| COLLECTED MATERIAL |
= Beginning of Section =
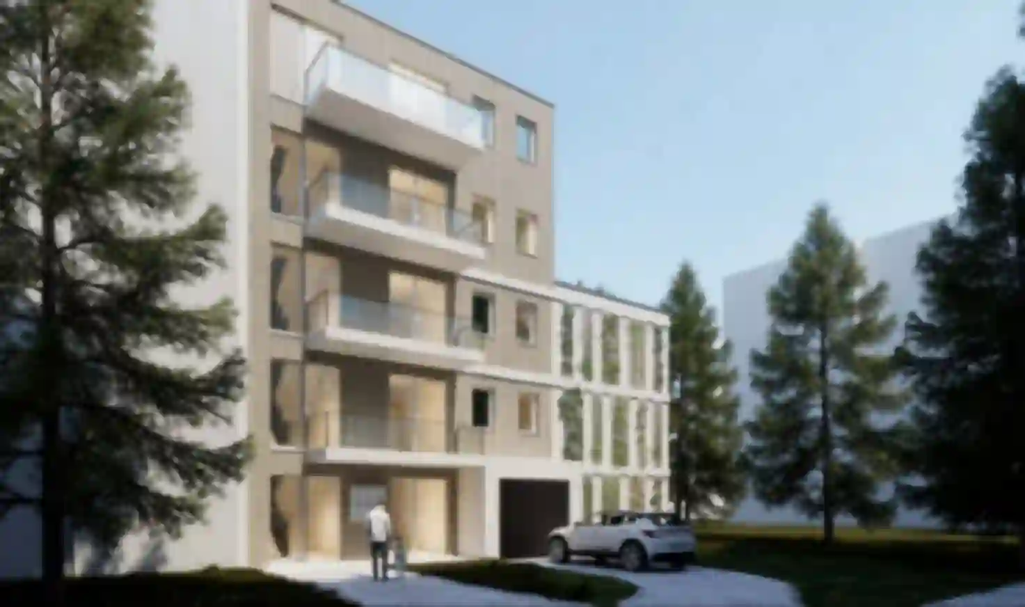 Der Baukörper gewinnt zudem durch hervorspringende und eingeschobene Balkone sowie eine berankte Fassade an Profil.
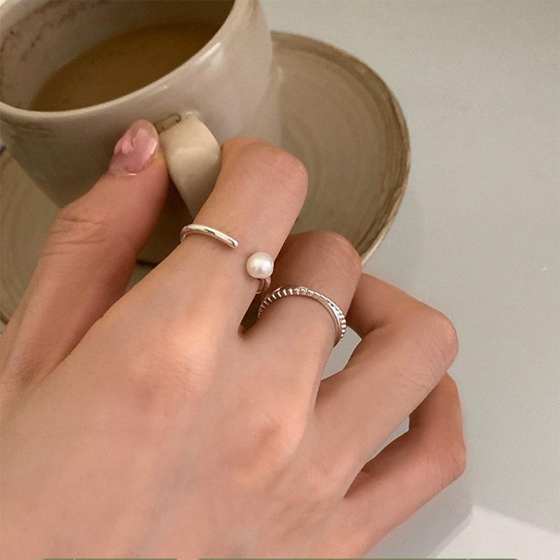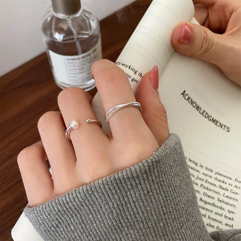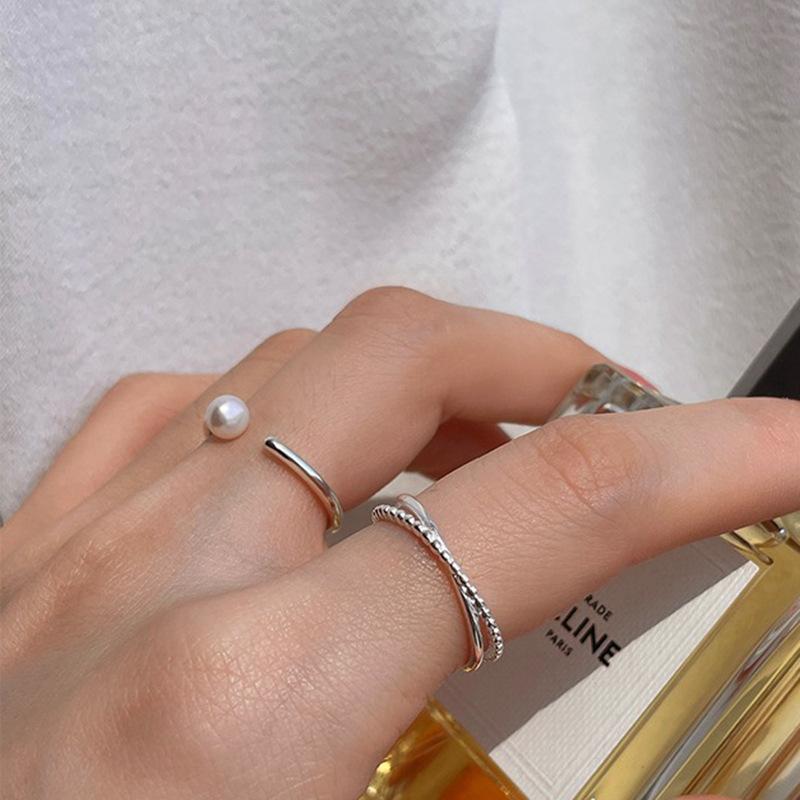 Anillo de perla fina estilo coreano, anillo cruzado, personalidad femenina, diseño de nicho, anillo simple de alto sentido, nueva moda
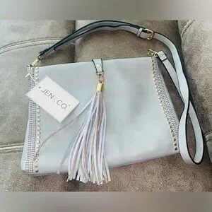 New Blue-Gray Marie - Grommet Detail Fold Over Tassel - Vegan Leather Crossbody
= End of Section =
What you give back should be exactly the lines from the line holding "Anillo de perla" through the final line of the material, both ends included, and please leave out the pictures.

| ANSWER BELOW |
 Anillo de perla fina estilo coreano, anillo cruzado, personalidad femenina, diseño de nicho, anillo simple de alto sentido, nueva moda
 New Blue-Gray Marie - Grommet Detail Fold Over Tassel - Vegan Leather Crossbody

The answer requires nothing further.